There are days, on the outside I sit still, while inside a storm rages and fireworks explode.

Then there are days, on the outside I move with the frenetic energy of a thousand whirling dervishes while on the inside, there is nothing but silence.

If I allow it, I know that the two energies will merge and become a pulse, creating its own heartbeat, and then, if I surrender, I will have no choice but to move to the beat of the syncopation.

The waves of energies are too strong to withstand, or is it me too weak to stop them?

In the end, there is no other choice but to breathe into my heart, into the center of the storm, and let this new heartbeat lead me to a place.

To live with only one or the other is merely existing. It is half-living to be in either all movement or no movement at all.
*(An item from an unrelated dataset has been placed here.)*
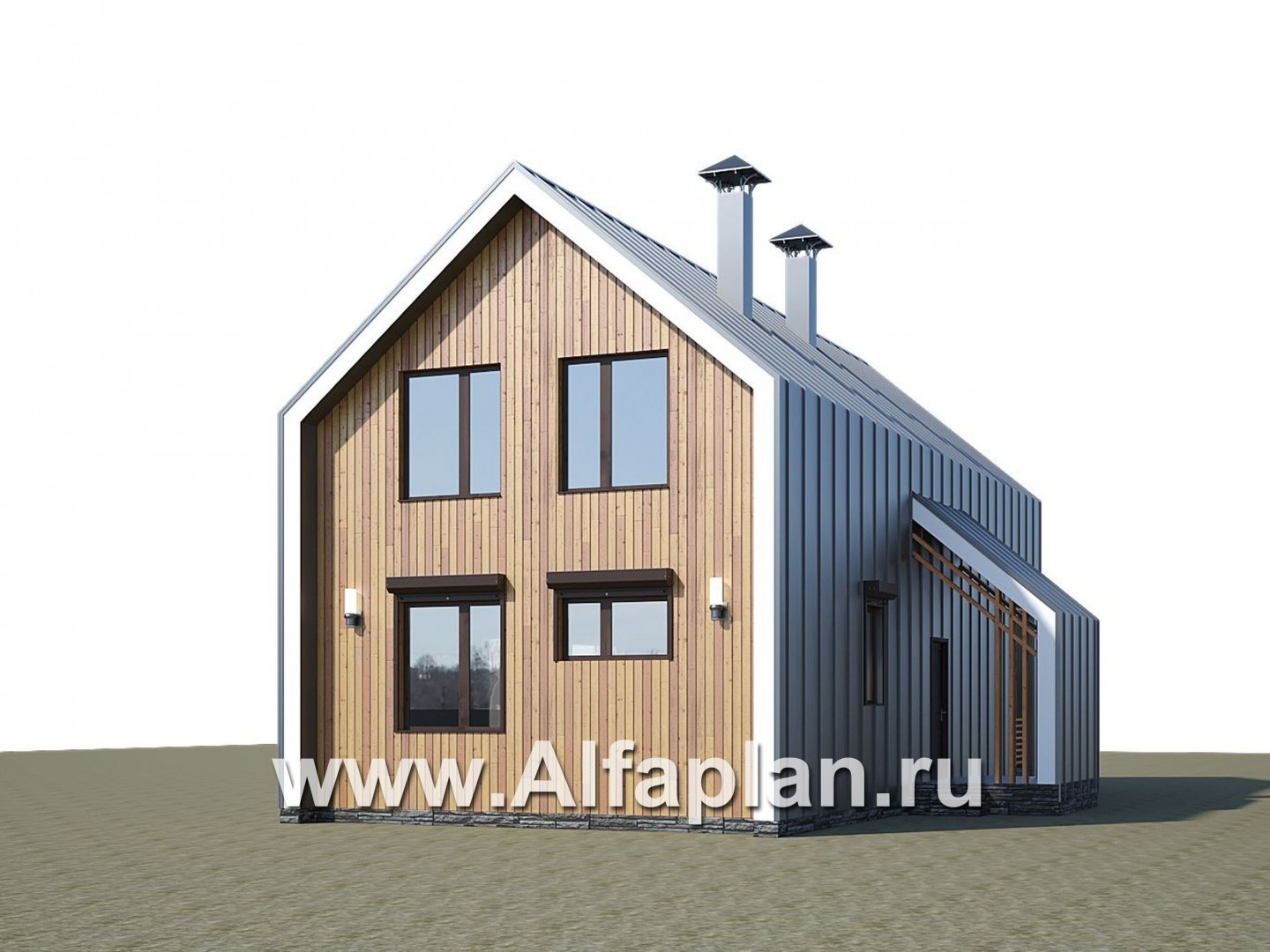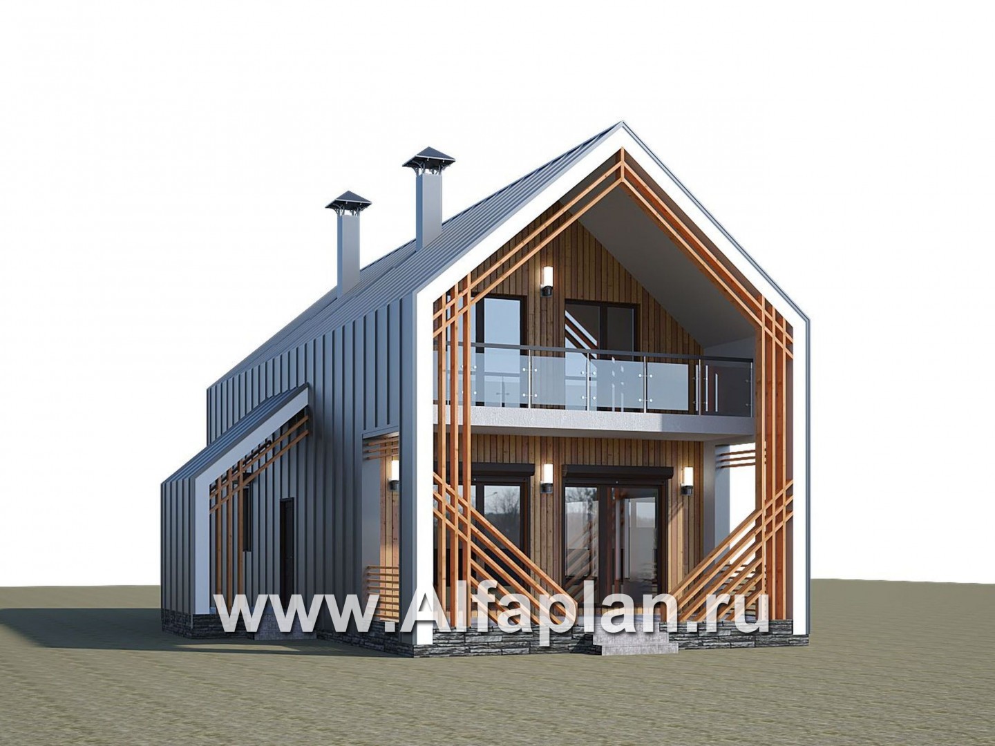 «Тау» - проект двухэтажного каркасного дома, с террасой и балконом, в современном стиле барн

Stillness within movement; peace within action.

I can still feel the tension between the ebb and flow
of
tightness and looseness
and
looseness and tightness

and the force of those currents ready to pull me away in either direction.

These are forces within each one of us. You can feel it too, if you give it half a chance.

Nature even knows this. Even when a river is frozen, the water below still flows and the hurricane, destroyer that it is and yet beautiful in its fearsomeness, holds a center of calm.

When you find that moment, when you feel that kiss from God and the bliss of the perfection of balance, let the world wait. Succumb to the flow and sway in the rhythm of what for many of us, seems elusive but is not impossible.